Nor did he see her at breakfast—nor at dinner.

IV

A curious little heartache accompanied Colonel Musgrave on his way home that afternoon. He had not seen Patricia Stapylton for twenty-four hours, and he was just beginning to comprehend what life would be like without her. He did not find the prospect exhilarating.

Then, as he came up the orderly graveled walk, he heard, issuing from the little vine-covered summer-house, a loud voice. It was a man's voice, and its tones were angry.

"No! no!" the man was saying; "I'll agree to no such nonsense, I tell you! What do you think I am?"

"I think you are a jackass-fool," Miss Stapylton said, crisply, "and a fortune-hunter, and a sot, and a travesty, and a whole heap of other things I haven't, as yet had time to look up in the dictionary. And I think—I think you call yourself an English gentleman? Well, all I have to say is God pity England if her gentlemen are of your stamp! There isn't a costermonger in all Whitechapel who would dare talk to me as you've done! I would like to snatch you bald-headed, I would like to kill you—And do you think, now, if you were the very last man left in all the world that I would—No, don't you try to answer me, for I don't wish to hear a single word you have to say. Oh, oh! how dare you!"

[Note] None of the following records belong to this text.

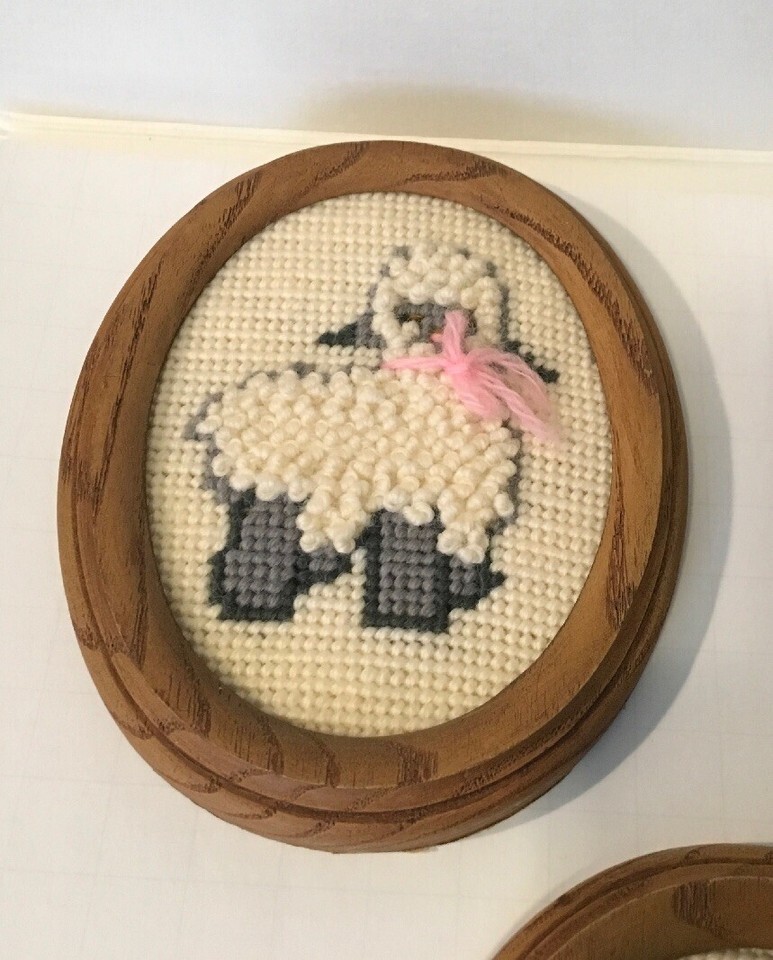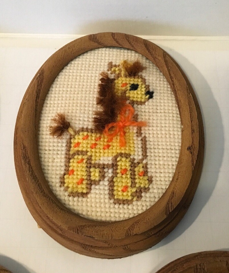 Whimsical Needlepoint Animals Oval Frames (4). Each measures 5x4 inches. A pink kangaroo, a blue horse, a giraffe and a sheep with a pink bow form this set. Good condition, wooden oval frames. The horse frame does have a crack in it.
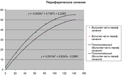 В результате получим диаграммы с уравнениями аппроксимации для периферического сечения:
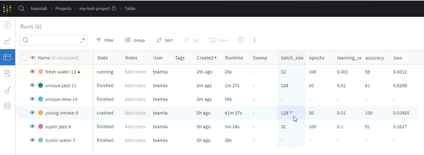현재는 클릭해도 Quick Start 외에 없지만, 코드로 기록을 시작하면 그 결과를 해당 project 내에서 확인할 수 있다. 아래는 사용 화면 예시다.
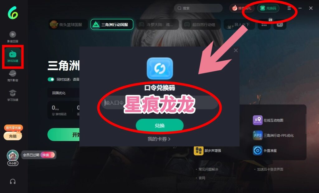 记得先兑换然后再左边找到【游戏加速】-上面搜索栏搜索【游戏名称】,一键加速!
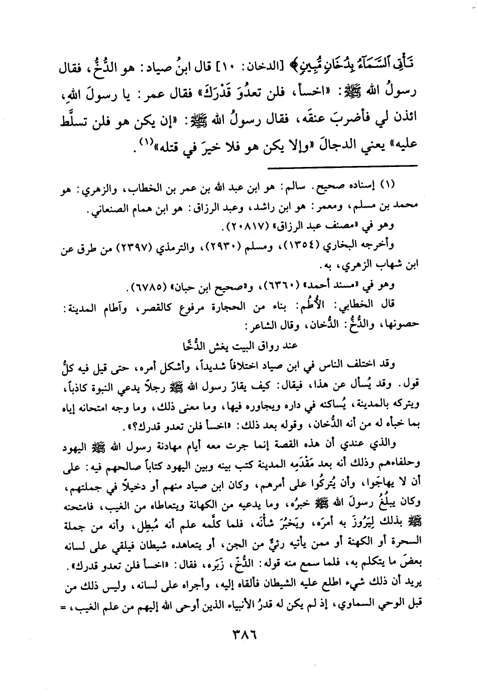تَأْتِي السَّمَاءُ بِدُخَانٍ مُبِينٍ} [الدخان:١٠] قال ابنُ صياد: هو الدُّخُّ، فقال رسولُ الله - صلَّى الله عليه وسلم -: "اخسأ، فلن تعدُوَ قَدْرَكَ" فقال عمر: يا رسولَ الله، ائذن لي فأضربَ عنقَه، فقال رسولُ الله - صلَّى الله عليه وسلم -: "إن يكن هو فلن تسلَّط عليه " يعني الدجالَ "وإلا يكن هو فلا خيرَ في قتله" (¬١).
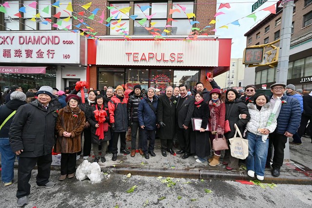 2026年1月3日上午11时30分,位于纽约市著名旅游地标、华埠心脏地带的167 Canal Street, New York, NY 10013,“Teapulse 悸動·唐人街第二店”在万众瞩目中盛大启幕。新店择址于人流如织的黄金地段,不仅象征品牌深耕社区的决心,更昭示其迈向更广阔舞台的雄心。开业当日,嘉宾云集,喜庆盈门,店前花篮簇拥,绵延数十米,五彩斑斓,辉映街衢,将整条街道装点成一片欢腾的海洋,成为华埠当日最引人注目的盛景之一。
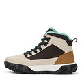 Яркие ботинки в стиле треккинговой обуви помогут создать динамичный образ в стиле спорт-шик. Верх - плотный текстиль и современная искусственная кожа. Гармоничное сочетание цветов и игра фактур выглядит стильно и необычно. Подкладка и стелька утеплены натуральной шерстью. Высокая подошва с абстрактным принтом выполнена из материала ЭВА, который славится своими амортизирующими свойствами и хорошим сцеплением с поверхностью.
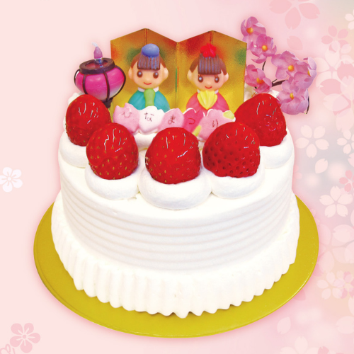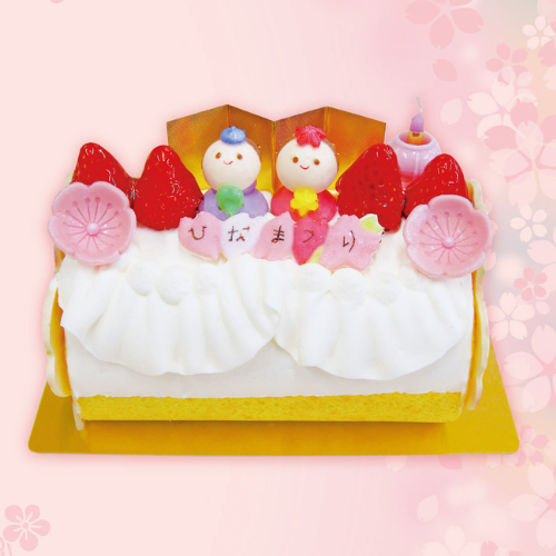 フレッシュ生クリームで苺をサンドしたガトーフレーズに、ひな人形・桃の花を飾りました。
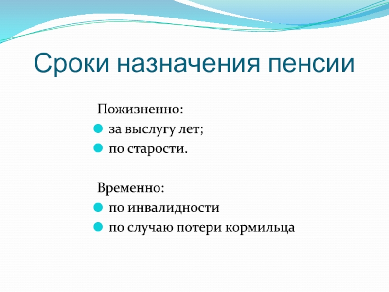 Сроки назначения пенсииПожизненно:за выслугу лет;по старости.Временно:по инвалидностипо случаю потери кормильца
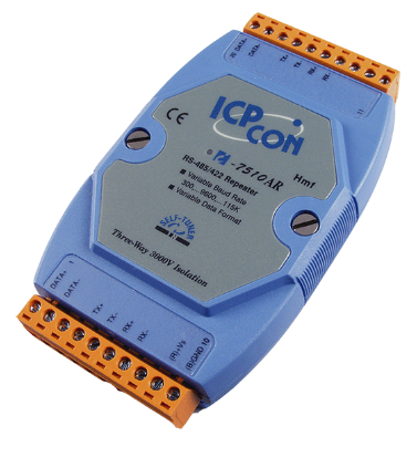 I-7510AR gir 3-veis optisk isolasjon mellom ett stykke RS-422/RS-485 strømsideutstyr og resten av systemet. Den kan også brukes som en repeater for å utvide overføringen av et eksisterende nettverk. I tillegg kan et RS-485-system utvides utover begrensningen på 256 noder som er pålagt av standarden. Den kan også brukes til å konvertere et firetråds RS-422-signal til et 2-tråds RS-485-signal, og omvendt.
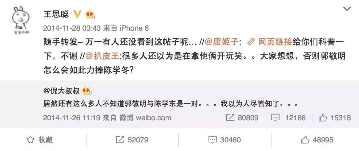 事件慢慢发酵,早被删帖的旧闻《郭敬明和他的金丝雀》(郭敬明和陈学冬的日常)又被有心网友扒出。王思聪也曾“热心”地转发过这条帖子。
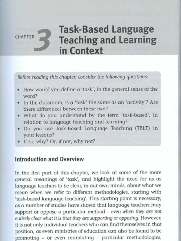METHODS AND METHODOLOGIES FOR LANGUAGE TEACHING TASK-BASED LANGUAGE TEACHING AND LEARNING IN CONTEXT 71
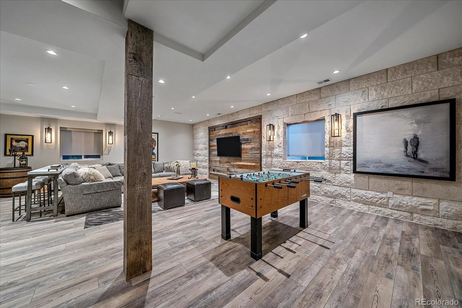 Nestled inside the gates of Cherry Creek Country Club, this Tudor-style home delivers refined craftsmanship and modern comfort in one of Denver’s premier golf course communities. Wide-plank hardwoods, quartzite surfaces, custom lighting, curated hardware and layered textures set an elevated tone throughout. The open great room features a reclaimed wood tongue-and-groove vaulted ceiling, exposed beams, an industrial barn door accent and a dramatic floor-to-ceiling stone fireplace, all connecting to a heated, pergola-covered patio surrounded by lush landscaping for privacy. The gourmet kitchen is a true focal point with Wolf and Sub-Zero appliances, a 6-burner range, large quartzite island with seating, built-in wine fridge, buffet, walk-in pantry, custom tile backsplash and breakfast nook with built-in bench. The main-level primary suite offers vaulted ceilings, a 5-piece bath with jetted tub and a walk-in closet with Bosch washer and dryer. French doors open to a private study with custom wood built-ins and plantation shutters.
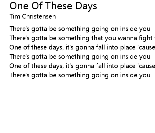 | One of these days, it's gonna fall into place 'cause I know | |
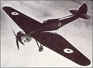 Weight saving was a priority and the airframe, other than the steel tube engine mount and cowling, used a wood shell.[14][2] It with a plywood skin glued to the mahogany longerons and struts that formed the internal structure, which was faired throughout to reduce drag. A conventional fixed undercarriage was used as it was more important to reduce the weight than the drag, and a retractable undercarriage would have been counterproductive.[14] The wings were constructed in three sections with a centre section integral with the fuselage. Three spars with plywood webs and mahogany flanges were used, covered with plywood sheeting.[14]
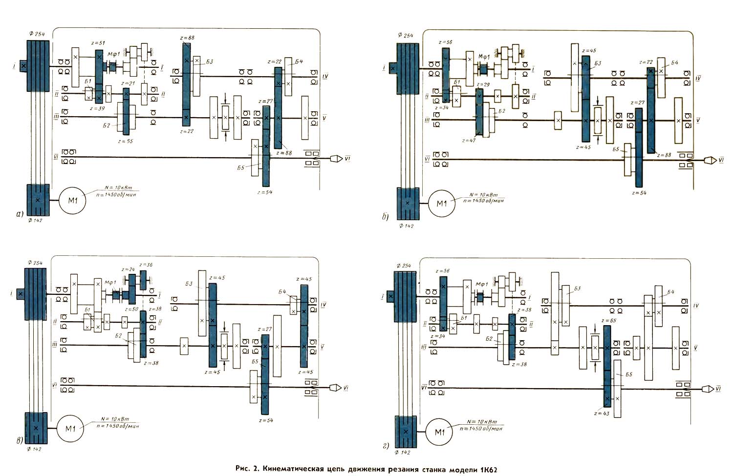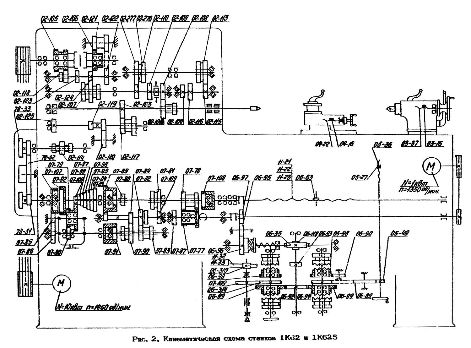 2. Схема кінематична токарно-гвинторізного верстата. Дивитись у збільшеному масштабі

"Well, I've had provocation enough," the man's voice retorted, sullenly. "Perhaps, I have cut up a bit rough, Patricia, but, then, you've been talkin' like a fool, you know. But what's the odds? Let's kiss and make up, old girl."

"Don't touch me!" she panted; "ah, don't you dare!"

"You little devil! you infernal little vixen? You'll jilt me, will you?"

"Let me go!" the girl cried, sharply. Rudolph Musgrave went into the summer-house.